Around two thirds of Nocturne is fairly straightforward youths-letting-their-hair-down action. Drinking, strip poker, tears, sulks, more drinking etc. Where the film succeeds is that the last third begins, to quote someone else, 'to fuck with the fabric of time.' It's not the first time that micro budget movies have used timeshift sequences to create interest in lieu of budget, but the capable cast are believable in their confusion, and some scenes are genuinely unsettling. I can forgive the rather hokey Dead of Night ending, for this is worth a watch. It's a lot more intelligent than the setup suggests.

The Terrible Two (USA 2018: Dir Billy Lewis) Ah a return to the more usual fare offered up in 'Supermarket Sweep' with this unintentionally funny quasi religious story of demons in the southern states of America.

Rose and Albert Poe are a young couple looking for a home in which to start a family. Rose is already pregnant and they have plans for two kids.

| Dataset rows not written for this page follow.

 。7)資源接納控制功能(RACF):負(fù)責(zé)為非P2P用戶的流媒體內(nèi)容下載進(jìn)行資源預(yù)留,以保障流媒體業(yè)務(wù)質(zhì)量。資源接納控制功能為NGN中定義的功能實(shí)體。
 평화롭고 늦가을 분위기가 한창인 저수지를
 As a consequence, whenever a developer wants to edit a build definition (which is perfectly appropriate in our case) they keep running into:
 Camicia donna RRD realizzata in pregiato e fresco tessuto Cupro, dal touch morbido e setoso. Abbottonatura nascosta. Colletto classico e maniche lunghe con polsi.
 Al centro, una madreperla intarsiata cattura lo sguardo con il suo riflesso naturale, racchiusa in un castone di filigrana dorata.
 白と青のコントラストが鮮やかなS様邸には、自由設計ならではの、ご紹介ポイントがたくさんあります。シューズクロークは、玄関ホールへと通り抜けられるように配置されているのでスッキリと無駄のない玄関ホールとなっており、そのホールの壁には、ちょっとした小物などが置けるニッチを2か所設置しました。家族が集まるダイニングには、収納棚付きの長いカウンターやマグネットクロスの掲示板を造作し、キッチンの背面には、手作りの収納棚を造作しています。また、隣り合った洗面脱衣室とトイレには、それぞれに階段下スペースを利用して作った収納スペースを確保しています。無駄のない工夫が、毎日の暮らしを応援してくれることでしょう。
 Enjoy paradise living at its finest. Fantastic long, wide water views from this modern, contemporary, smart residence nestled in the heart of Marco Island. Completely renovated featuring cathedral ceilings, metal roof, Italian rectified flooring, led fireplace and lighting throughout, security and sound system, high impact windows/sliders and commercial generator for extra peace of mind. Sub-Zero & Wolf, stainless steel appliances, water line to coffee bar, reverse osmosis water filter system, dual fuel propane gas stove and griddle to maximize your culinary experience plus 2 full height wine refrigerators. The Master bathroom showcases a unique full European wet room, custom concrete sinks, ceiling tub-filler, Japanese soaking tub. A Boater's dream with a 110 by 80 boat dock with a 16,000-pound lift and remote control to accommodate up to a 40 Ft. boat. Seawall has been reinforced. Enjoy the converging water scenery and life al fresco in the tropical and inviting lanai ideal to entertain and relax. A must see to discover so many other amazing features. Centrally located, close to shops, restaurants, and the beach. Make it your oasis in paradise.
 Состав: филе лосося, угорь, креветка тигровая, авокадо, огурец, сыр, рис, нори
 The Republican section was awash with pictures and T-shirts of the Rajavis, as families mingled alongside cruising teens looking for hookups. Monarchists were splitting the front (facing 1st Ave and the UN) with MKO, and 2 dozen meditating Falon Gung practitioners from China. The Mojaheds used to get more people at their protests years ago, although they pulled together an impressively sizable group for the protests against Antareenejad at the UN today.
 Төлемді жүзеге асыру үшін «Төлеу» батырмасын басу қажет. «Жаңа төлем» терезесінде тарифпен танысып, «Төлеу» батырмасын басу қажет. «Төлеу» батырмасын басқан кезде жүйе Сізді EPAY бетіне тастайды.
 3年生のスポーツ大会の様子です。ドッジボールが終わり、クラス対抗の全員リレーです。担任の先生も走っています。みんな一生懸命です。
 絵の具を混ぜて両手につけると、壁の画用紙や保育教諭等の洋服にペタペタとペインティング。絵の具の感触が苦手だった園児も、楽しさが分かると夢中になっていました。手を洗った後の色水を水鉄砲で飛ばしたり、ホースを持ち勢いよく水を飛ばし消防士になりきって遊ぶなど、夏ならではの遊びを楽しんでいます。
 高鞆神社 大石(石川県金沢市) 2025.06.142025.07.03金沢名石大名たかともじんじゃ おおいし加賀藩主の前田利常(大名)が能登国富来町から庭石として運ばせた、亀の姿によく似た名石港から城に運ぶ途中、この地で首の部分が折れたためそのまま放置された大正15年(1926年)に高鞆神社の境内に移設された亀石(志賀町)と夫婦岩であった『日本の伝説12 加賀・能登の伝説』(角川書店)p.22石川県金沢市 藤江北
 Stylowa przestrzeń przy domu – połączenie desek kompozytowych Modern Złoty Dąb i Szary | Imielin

They're shown a house by a smarmy estate agent that looks perfect. Sadly seven years later both children, sisters Addie and Jade, have died in an accident on their birthdays, and Rose and Albert, inconsolable in grief, must find a way to go on, the two of them now rattling around in an otherwise empty house. But Rose starts to hear the dead children's voices, and when she finds a manuscript in the loft called 'Chasing Legion,' detailing a history of evil entities that live in the house, she and Albert start to fear for their lives.

At one hour and twenty minutes, this film never seems to end. While the daylight setting of a newly built house may have thrown up a few incongruous scares in the Paranormal Activity movies, here the setting just gets you questioning the interior design taste of the average American - it may be a matter of personal choice, but it really is an ugly house, and we spend the entire movie in its confines.

We also spend the whole film with Rose and Albert, in the shape of actors Cari Moscow and Reid Doyle, whose received direction seemed to have been 'act catatonic.' Grief is a really difficult emotion to act, but these two are way off the mark. And as if that isn't bad enough, in the final scenes they're called upon to show 'terror' and 'panic,' wherein Mr Doyle seems to stand around looking like he needs the bathroom in a hurry.

There's an awful lot of religious stuff going on in the movie, and sure enough, director Billy Lewis's Twitter handle sees him passionate about 'God, family and film.' Which probably explains the quotes from the bible that litter the movie, and Rose's insistence on the power of prayer ("It's as if I've lost my relationship with God," she says at one point). As with a lot of 'religious' based horror movies, the actual threat doesn't seem to be thought through - it's enough that there's evil in the world.

But if you want to see a movie located in a soulless suburban home, where grown adults are reduced to gibbering wrecks by the sight of two little girls wearing fright masks, and where the script has people running around spouting lines like "I just found a death note in the sock drawer," well then step this way. And out of interest, what's with the title? Just awful.